• **PROBLEM REQUIREMENTS**: Your job is to print, exactly, the lines in the data below from the line with "Fullførte fallrisikovurderinger blir" through the line with "(D) Enter optional", both included, and to omit any picture.

• **THE DATA**:

=== Begin Enclosure ===

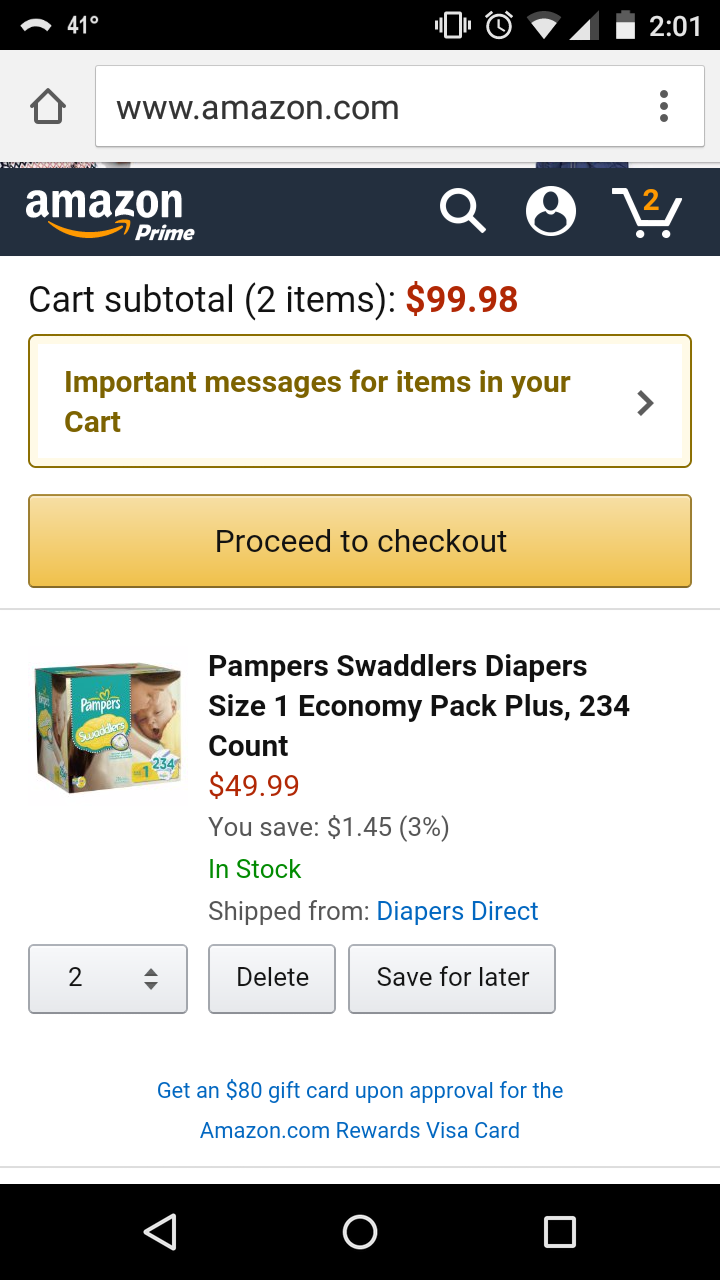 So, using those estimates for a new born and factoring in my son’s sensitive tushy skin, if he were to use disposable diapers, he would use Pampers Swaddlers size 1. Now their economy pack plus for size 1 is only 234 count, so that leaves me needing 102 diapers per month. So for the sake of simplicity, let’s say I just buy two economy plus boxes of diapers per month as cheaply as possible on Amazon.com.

=== End Enclosure ===
=== Begin Enclosure ===

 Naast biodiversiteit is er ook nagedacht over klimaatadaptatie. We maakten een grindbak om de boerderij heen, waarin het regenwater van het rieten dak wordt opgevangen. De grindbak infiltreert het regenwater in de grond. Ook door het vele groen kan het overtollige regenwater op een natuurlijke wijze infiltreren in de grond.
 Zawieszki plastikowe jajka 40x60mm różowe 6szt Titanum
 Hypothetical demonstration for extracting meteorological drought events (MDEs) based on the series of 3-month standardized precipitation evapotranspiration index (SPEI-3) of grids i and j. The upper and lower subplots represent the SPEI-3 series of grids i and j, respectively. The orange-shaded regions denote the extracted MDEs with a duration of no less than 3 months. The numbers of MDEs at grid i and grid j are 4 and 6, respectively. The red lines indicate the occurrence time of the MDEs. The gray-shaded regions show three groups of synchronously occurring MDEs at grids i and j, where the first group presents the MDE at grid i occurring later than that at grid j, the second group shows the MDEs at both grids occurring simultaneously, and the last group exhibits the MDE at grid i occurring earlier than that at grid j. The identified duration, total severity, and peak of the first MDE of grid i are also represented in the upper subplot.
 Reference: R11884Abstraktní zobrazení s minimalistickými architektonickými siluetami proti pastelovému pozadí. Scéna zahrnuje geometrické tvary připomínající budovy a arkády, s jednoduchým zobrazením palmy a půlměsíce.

=== End Enclosure ===
=== Begin Enclosure ===

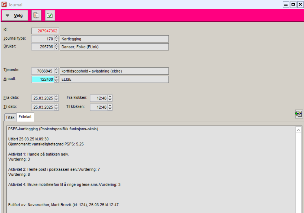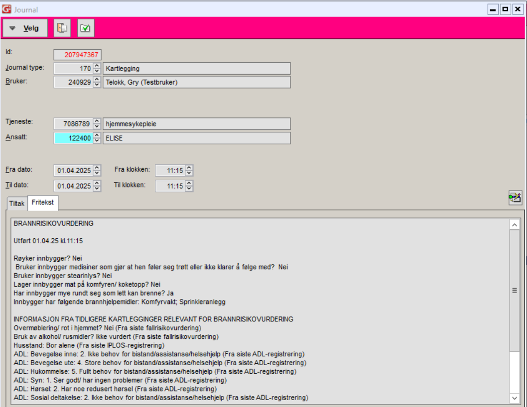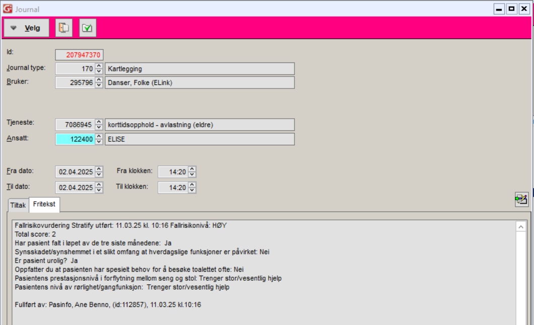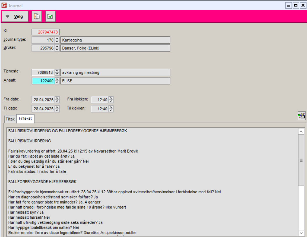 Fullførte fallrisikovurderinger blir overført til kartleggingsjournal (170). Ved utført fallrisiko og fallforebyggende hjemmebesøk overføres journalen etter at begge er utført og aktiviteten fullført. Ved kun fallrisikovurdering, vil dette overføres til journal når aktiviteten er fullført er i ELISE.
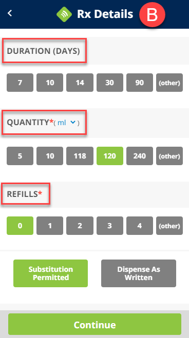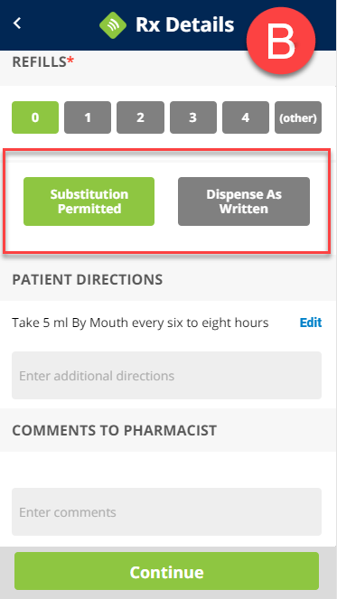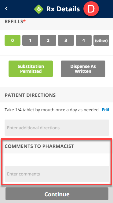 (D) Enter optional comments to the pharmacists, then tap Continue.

=== End Enclosure ===

• **RESULT OF THE TASK**:
 Fullførte fallrisikovurderinger blir overført til kartleggingsjournal (170). Ved utført fallrisiko og fallforebyggende hjemmebesøk overføres journalen etter at begge er utført og aktiviteten fullført. Ved kun fallrisikovurdering, vil dette overføres til journal når aktiviteten er fullført er i ELISE.
 (D) Enter optional comments to the pharmacists, then tap Continue.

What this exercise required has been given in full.